I asked this in another forum but realize it may be better asked here -- I have a 55 gallon with orandas, comets and black moors (and plants). I am worried about algae growth. Will planting more plants take care of the algae problem or do I need to get a pleco? I am worried that otos or SAEs may be harmed by my curious goldfish.


----------



## JanS (Apr 14, 2004)

Something like a Bristlenose would probably be your best option if the algae starts becoming a problem.
I'm not sure what temp you keep the tank at, but it _could_ be a little cool for the Bristle's, though.

Don't the Goldies themselves sort of control algae? I don't have a bit of experience with them, but I thought I heard that....


----------



## Telperion (Jun 12, 2006)

Well, so far they are pretty good at keeping the gravel clean, but not the glass walls of the tank itself. The tank hovers around 70 degrees to 72. That may not be good for a bristlenose from what I've read, although they do say 74 is good.


----------



## DataGuru (Mar 11, 2005)

Be careful with goldies and plecos. Goldies sleep at nite and tend to sleep near the bottom of the tank. If the pleco isn't getting enough to eat (which is quite possible in a tank with goldies) he'll go after the goldfish at nite.

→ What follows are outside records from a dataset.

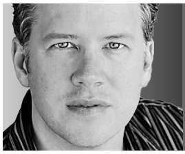
MARC CASSIMI CHRONIQUE

On ne vous dira pas tout ce qu'on a pensé du film Pour toujours les Canadiens , présenté hier soir en première mondiale devant 14 000 amateurs au Centre Belle-saison-pour-fêter-son-centenaire. Huis clos, comme dirait Jean-Paul Starr.
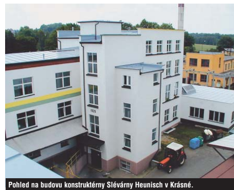
Pohled na budovu konstruktérny Slévárny Heunisch v Krásné.

Slévárna Heunisch nezaostává ani úrovní svého sociálního programu; i v tomto ohledu je nad celostátním průměrem. Svým zaměstnancům poskytuje například týden dodatkové dovolené, vlastní stravování, pracovníkům na slévárenských pracovištích dalších pět dní volna na rehabilitaci, odměny při významných životních a pracovních jubileích, příspěvky na ubytování a do-
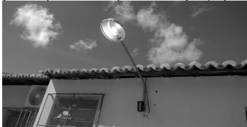
Figura 5 – Lâmpada acesa durante o período diurno na organização aprendente

A situação que se apresenta nessa organização em relação ao consumo é estarrecedora. Além dos elementos enumerados anteriormente, ainda, é visível a presença as lâmpadas acesas em corredores com iluminação natural de excelente qualidade. É notório, no espaço reservado para cozinhar, que lá há ventilação e iluminação natural; mas as luzes permanecem acesas sem nenhuma justificativa convincente e pertinente durante o dia todo, todos os dias de funcionamento da escola, pois, para conhecimento e informação, essa unidade abre às 6h30min da manhã e fecha às 22 horas. Somente na cozinha são acesas 4 lâmpadas sem necessidade durante 16h30 minutos.
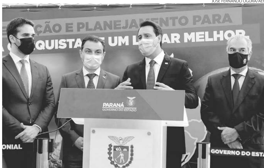
Também teve troca da presidência rotativa do Codesul, que em 2021 estava sendo liderado pelo Paraná

A elaboração de um plano de desenvolvimento integrado, nomeado Codesul/BRDE – Visão Regional 2040, foi anunciada em junho deste ano, em uma reunião do Codesul realizada em Porto Alegre. O objetivo é criar um diagnóstico regional que identifique as agendas que cada governo deve promover para melhorar a qualidade de vida e poten-
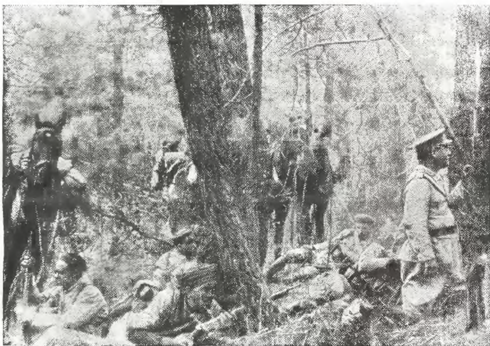
Patrol wojsk marokańskich biwakujący w jednym z parków miejskich Madrytu.
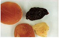
Insektenbefall von Trockenobst
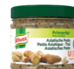
Thaï 2 x 340 g 8711200321346
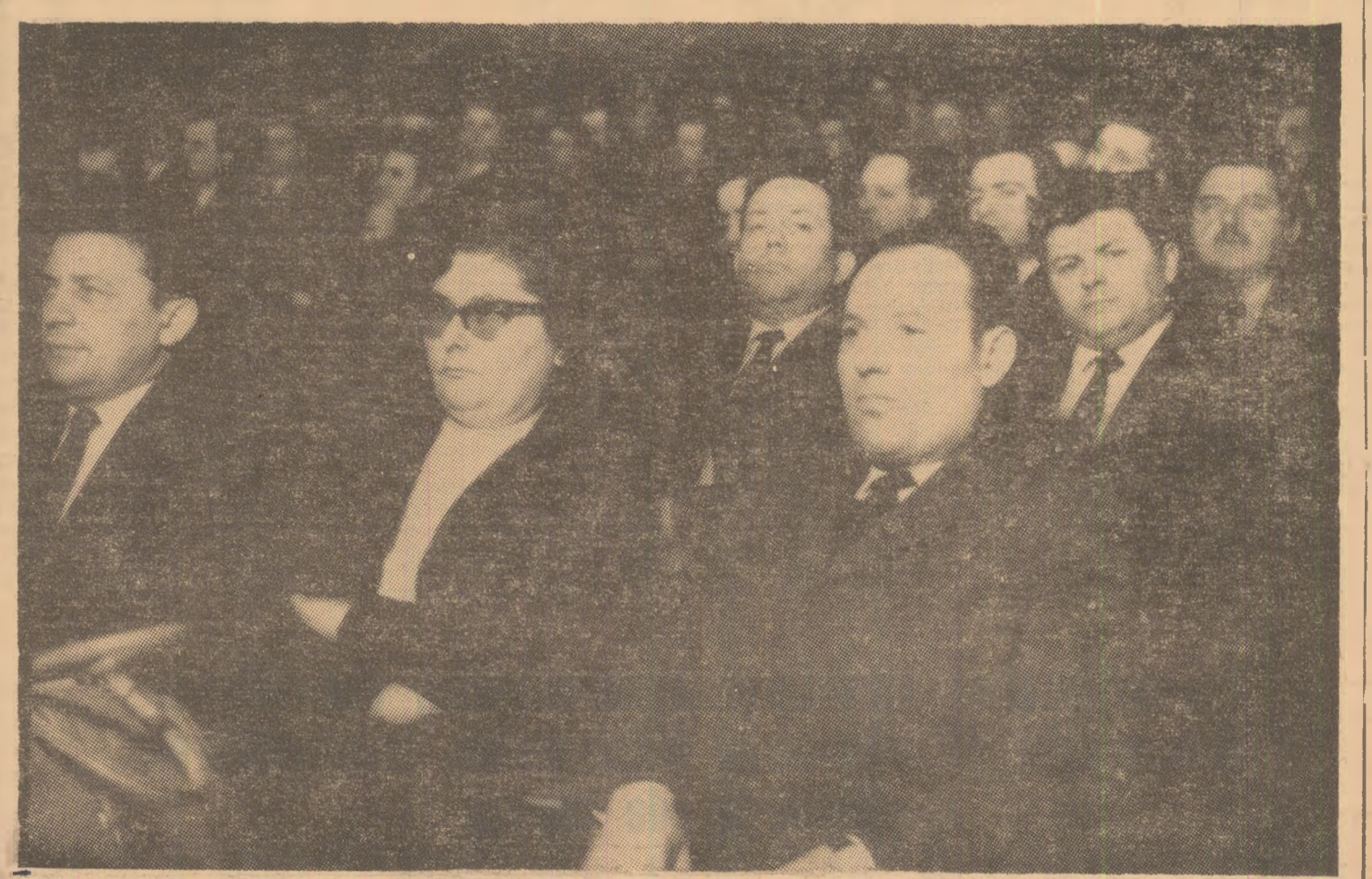
Aspect din timpul lucrărilor conferinței

Ieri, la Petroșani, în frumoasa sală a Casei de cultură a sindicatelor, a avut loc Conferința Uniunii sindicatelor din ramura minieră și energiei electrice. Desfășurată în contextul largilor dezbateri prilejuate de elaborarea Tezilor Consiliului Central al U.G.S.R. pentru Congresul Uniunii Generale a Sindicatelor din România, în lumina indicațiilor Plenarei C.C. al P.C.R. din 10-11 februarie a. c., conferința a reunit sute de delegați ai sindicatelor care au reprezentat colectivele de salariați din întreprinderile miniere, de explorări geologice, ale șantierei hidroelectrice și unităților producătoare de energie electrică.
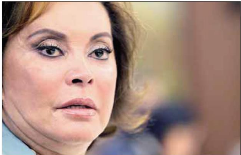
“A Santa Martha no quiero volver, es horrible”, ha dicho la huésped frecuente de la torre médica. En la imagen, la ex lideresa durante una conferencia de prensa ofrecida el 29 de junio de 2011

Cuenta con una pequeña celda y un baño privado; la detención no ha logrado amainar las rencillas entre sus dos hijas
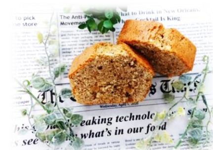
紅茶パウンドケーキ 一本 500円 一切れ 120円
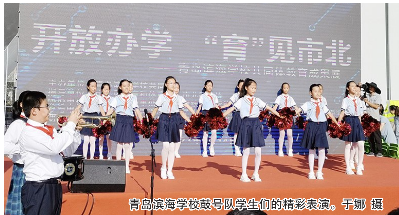
青岛滨海学校鼓号队学生们的精彩表演。

本报9月14日讯 为进一步贯彻家、校、社协同育人理念,让市北教育和学校的高质量发展特色成果更好地呈现给社区居民,9月14日,青岛滨海学校共同体成员校联合举行“科创滨海 共育未来”共同体教育成果展示活动。
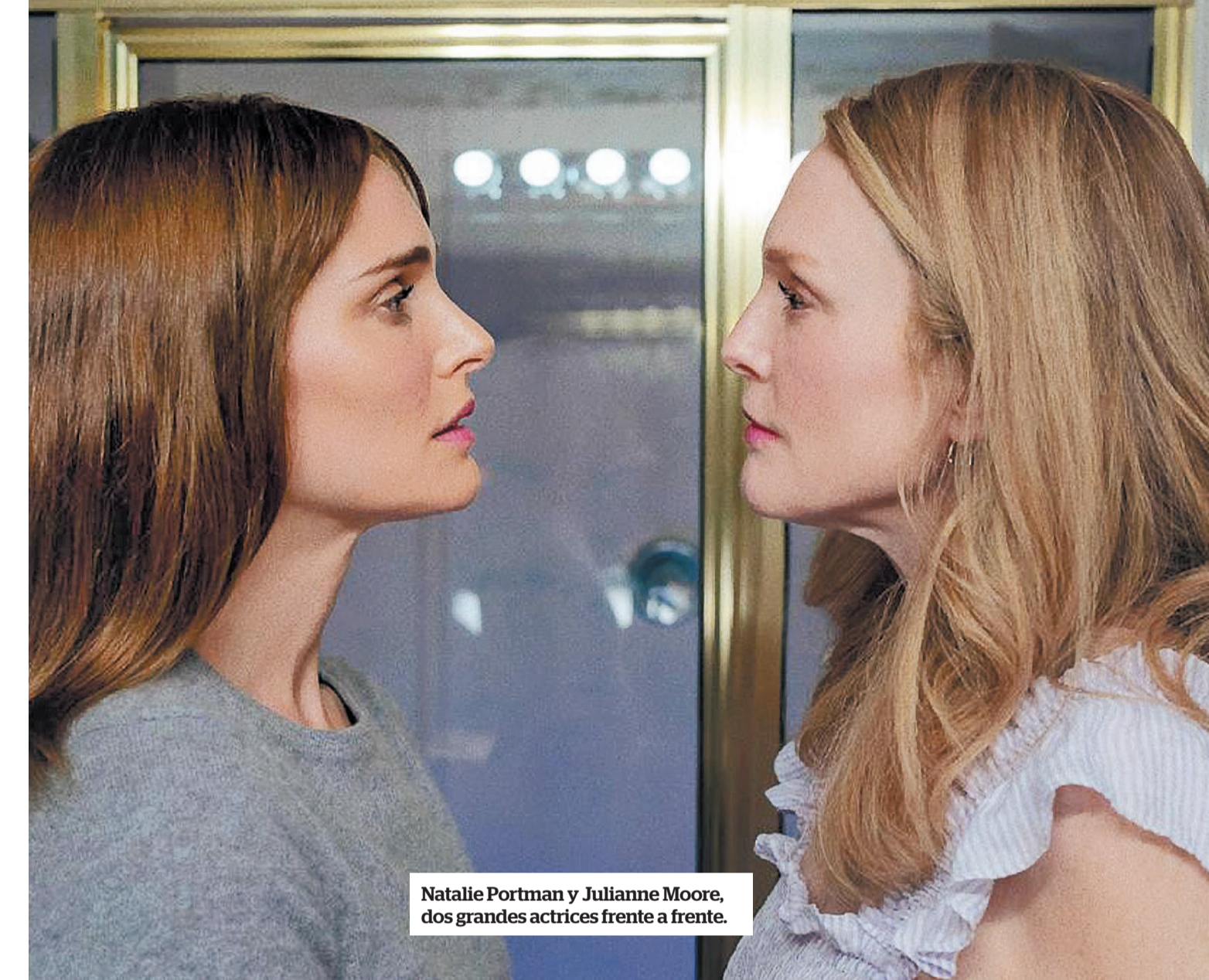
Natalie Portman y Julianne Moore, dos grandes actrices frente a frente.

"Todas las vidas, todas las familias, son el resultado de elecciones, e indagar en ellas, retomar ciertos temas, es un
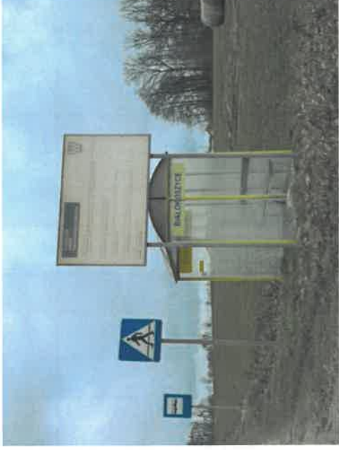
Przystanek przy drodze powiatowej
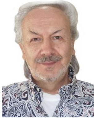
About Ahmed Hulusi

@AhmedHulusi: Dont just say I believe or dont believe in the One whose name is Allah. Realize what Allah means lest your world & eternal life becomes hell
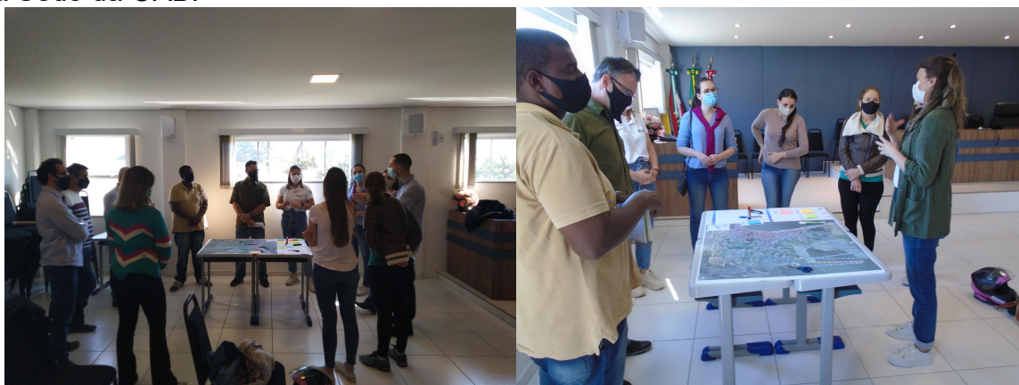
Figura 22 - Público participante da quarta Reunião de Bairro em 24 de julho de 2021 na Sede da OAB.
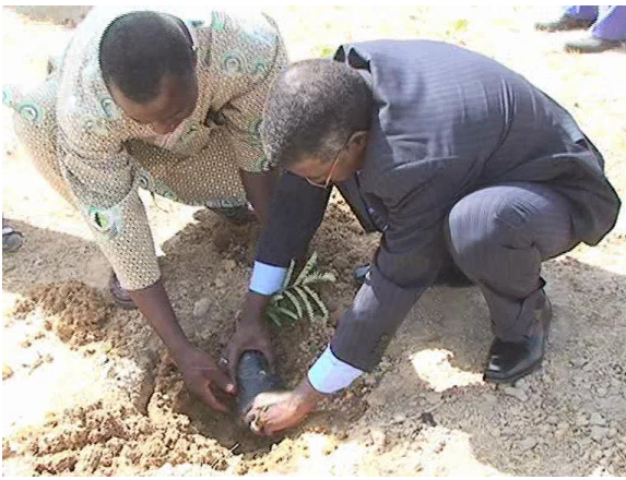
Plantation d'arbre par Mr le Ministre des ressources animales
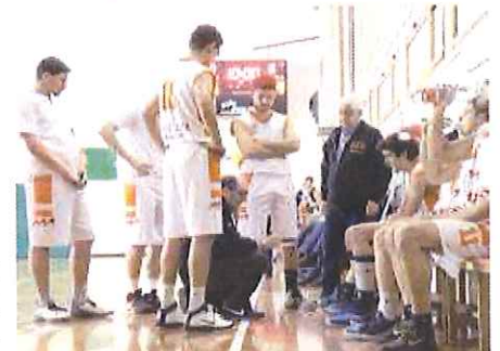
Il coach Lupi catechizza i suoi ragazzi
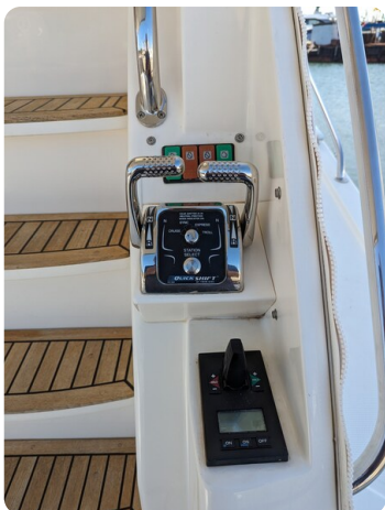
Riviera 45 Fly cockpit controls
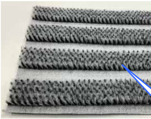
PET + PET 導電系混織
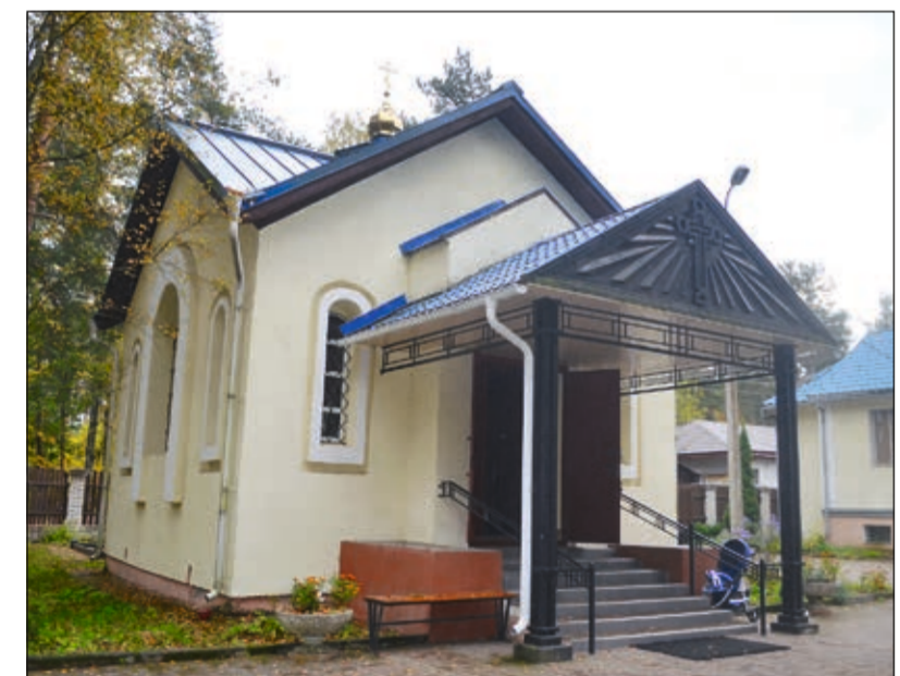
Часовня во имя св. Благоверного князя Александра Невского
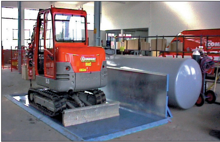
Typ TAW mit Anfahrtschutz (Zubehör)
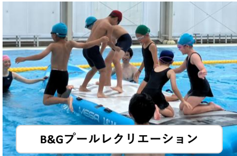
B&Gプールレクリエーション
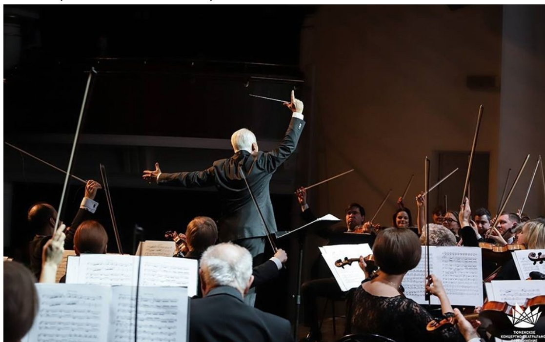
Фото 1: Онлайн - трансляция музыкального фестиваля «Владимир Сиваков приглашает» в Доме культуры «Синтез», г. Тобольск

I. Состоялось открытие трех виртуальных концертных залов на базе Дома культуры «Синтез» г. Тобольска, Центра культуры и искусства «Современник» г. Тюмени, а также в Доме культуры г. Ишима. (Фото 1, Фото 2)
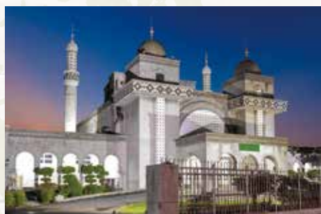
台北清真寺情境合照
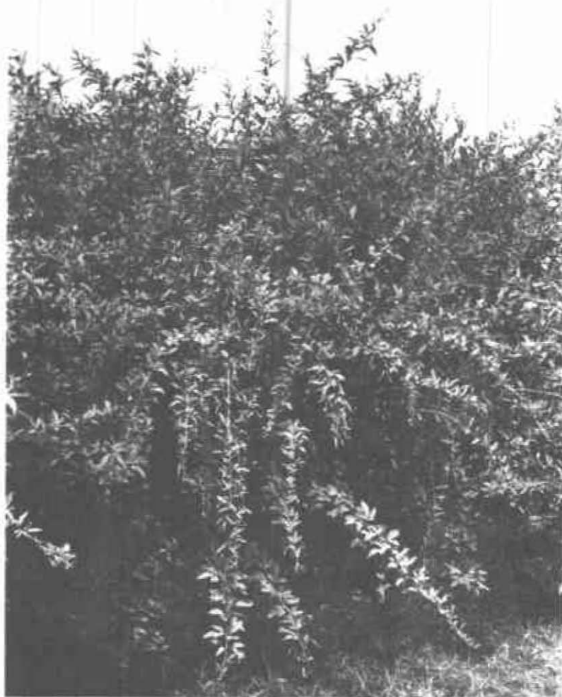
FIGURA 1. Cultivo de Guandul.
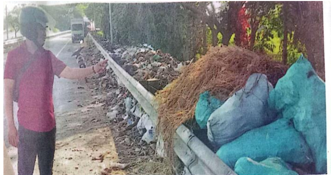
KOTOR : Salah satu warga menunjukkan adanya tumpukan sampah di pintu keluar Tol Porong.
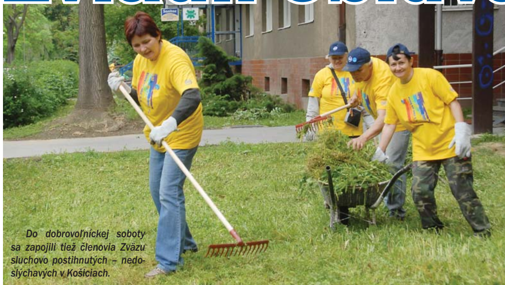
Do dobrovoľníckej soboty sa zapojili tiež členovia Zväzu sluchovo postihnutých – nedoslýchavých v Košiciach.
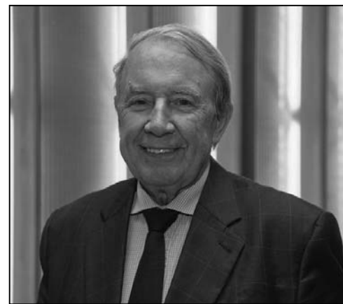
图：现任布鲁塞尔议会议员乔斯·卡波特

明了中国的传统文化富有内涵，“（晚会上的）歌曲的歌词都很美，非常好，含义很深”。
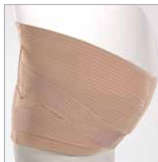
DOPPIA FASCIA SPECIALE

ALTEZZE retro cm 32 e davanti doppia fascia regolabile da cm 20 a 32. TESSUTI bendaggio elastico Rigato traspirante. Bendaggio elastico Microgrip per le due fasce orizzontali anteriori. STECCATURA quattro 2005 cm 29, di cui le 2 paravertebrali estraibili, ricoperte con strisce di gallone rigido. CHIUSURA velcro. COLORE ● nudo. AGGIUNTIVO predisposto per la Pelotta TLM (vedi pag. 53).
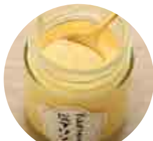
五島で食べる 塩プリン (プレーン) 420yen
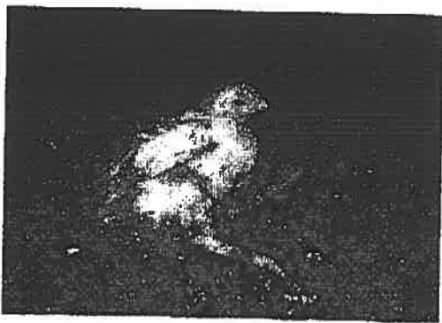
Abb. 4: Masthuhn mit Beinschäden

auf über zwei Drittel der Tageszeit 42 . Darüber hinaus ist die Fortbewegung oft beeinträchtigt. Das lange Liegen auf der feuchten, Ammoniakhaltigen Einstreu begünstigt die Entstehung von Hautveränderungen (z.B. Brustblasen). Die genannten Tierschutzprobleme steigen linear mit der Wachstumsintensität verschiedener Herkünfte an 43 . Ganz ähnliche Probleme bestehen bei den Mastputen, welche auch auf die gleichen Ursachen zurückgeführt werden können. Aufgrund des enormen Wachstumspotentials müssen Mastelertiere restriktiv gefüttert werden; anderenfalls würden sie viel zu groß, worunter die Fruchtbarkeit stark leiden würde. Da die Tiere in der Folge hungrig sind, kommt es zu verschiedenen Verhaltensstörungen der Nahrungsaufnahme. Putenhennen werden heute ausschließlich künstlich besamt (in den Zuchtbetrieben), um ein Verletzen der Putenhennen durch die viel schwereren Hähne zu verhindern.
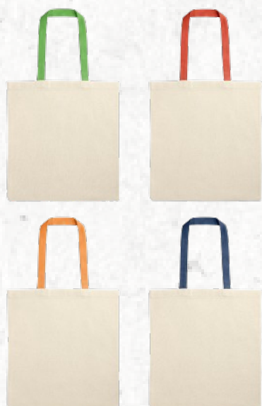
92826 KOLONAKI. Sacola
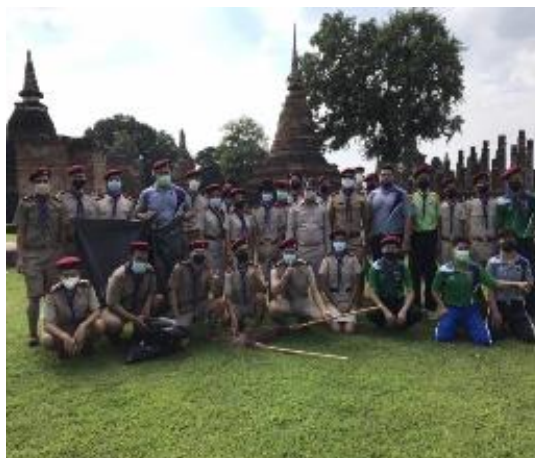
ภาพประกอบกิจกรรมจิตอาสาเก็บขยะและขยะหลังงานประเพณีลอยกระทงจังหวัดสุโขทัย วันที่ ๒๒ พฤศจิกายน ๒๕๖๔ ณ จังหวัดสุโขทัย

Ramshorn snails are great for brown algae. They have to be large enough not to get eaten tho. Plus the smaller snails are great goldie food. My goldies like to eat hair algae and the green grassy type that grows on surfaces.


----------



## IUnknown (Feb 24, 2004)

Floating plants always worked well with my goldfish. Real Nitrate suckers.


----------



## Telperion (Jun 12, 2006)

IUnknown said:


> Floating plants always worked well with my goldfish. Real Nitrate suckers.


Which floating plants do you recommend? My main concern with my goldies is rising nitrate levels - LOTS of water changes so far. :-k


----------



## DataGuru (Mar 11, 2005)

Water lettuce and hornwort are good. Mine like to eat duckweed and frogbit.


----------



## erik Loza (Feb 6, 2006)

I have used small Chinese Algae Eaters for years in goldfish tanks and they work great. While pleco's will harass goldfish, I have never had one of these guys do it and they do an excellent job on the diatomaceous brown algae. The trick is to buy smaller, young ones that will always stay busy against the algae and exchange them as they get older. Good luck.


----------